SimPO: Simple Preference Optimization with a Reference-Free Reward

Direct Preference Optimization (DPO) is a widely used offline preference optimization algorithm that reparameterizes reward functions in reinforcement learning from human feedback (RLHF) to enhance simplicity and training stability. In this work, we propose SimPO, a simpler yet more effective approach. The effectiveness of SimPO is attributed to a key design: using the average log probability of a sequence as the implicit reward. This reward formulation better aligns with model generation and eliminates the need for a reference model, making it more compute and memory efficient. Additionally, we introduce a target reward margin to the Bradley-Terry objective to encourage a larger margin between the winning and losing responses, further enhancing the algorithm's performance. We compare SimPO to DPO and its latest variants across various state-of-the-art training setups, including both base and instruction-tuned models like Mistral and Llama3. We evaluated on extensive instruction-following benchmarks, including AlpacaEval 2, MT-Bench, and the recent challenging Arena-Hard benchmark. Our results demonstrate that SimPO consistently and significantly outperforms existing approaches without substantially increasing response length. Specifically, SimPO outperforms DPO by up to 6.4 points on AlpacaEval 2 and by up to 7.5 points on Arena-Hard. Our top-performing model, built on Llama3-8B-Instruct, achieves a remarkable 44.7 length-controlled win rate on AlpacaEval 2 -- surpassing Claude 3 Opus on the leaderboard, and a 33.8 win rate on Arena-Hard -- making it the strongest 8B open-source model.

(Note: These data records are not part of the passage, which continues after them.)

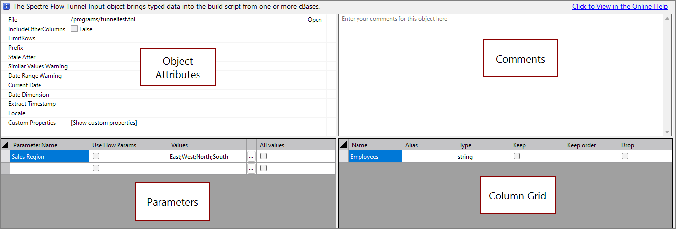 The Spectre Flow Tunnel Input object brings typed data into the build script from a VI Tunnel script.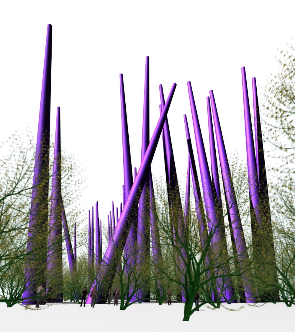 Particulars: (50) "Saguaro Needles", up to 180' in height, would be interspersed within a grove of 100 Desert Museum palo verde trees. Night lighting is provided by solar powered light emitting diodes. The project includes recycled materials, generation of solar energy, rainwater harvesting, and resource awareness exhibits.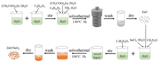 Preparation process of ZnO, SnO2, and ZnO/SnO2 composites.

翻译：直接偏好优化（DPO）是一种广泛使用的离线偏好优化算法，它通过重参数化基于人类反馈的强化学习（RLHF）中的奖励函数，以提升简洁性和训练稳定性。本文提出SimPO，一种更简单且更有效的方法。SimPO的有效性源于一个关键设计：使用序列的平均对数概率作为隐式奖励。这种奖励公式与模型生成过程更匹配，并且无需参考模型，从而提高了计算和内存效率。此外，我们在Bradley-Terry目标中引入了目标奖励间隔，以扩大获胜与失败回答之间的差异，从而进一步提升算法性能。我们在多种最先进的训练设置下（包括基础模型和指令调优模型，如Mistral和Llama3），将SimPO与DPO及其最新变体进行了比较。我们在广泛的指令遵循基准测试上进行了评估，包括AlpacaEval 2、MT-Bench以及近期具有挑战性的Arena-Hard基准。结果表明，SimPO在不显著增加回答长度的前提下，始终显著优于现有方法。具体而言，在AlpacaEval 2上，SimPO比DPO高出最多6.4分；在Arena-Hard上高出最多7.5分。我们基于Llama3-8B-Instruct构建的最佳模型，在AlpacaEval 2上取得了44.7的长度控制胜率——超越了排行榜上的Claude 3 Opus，在Arena-Hard上取得了33.8的胜率——使其成为目前最强的8B开源模型。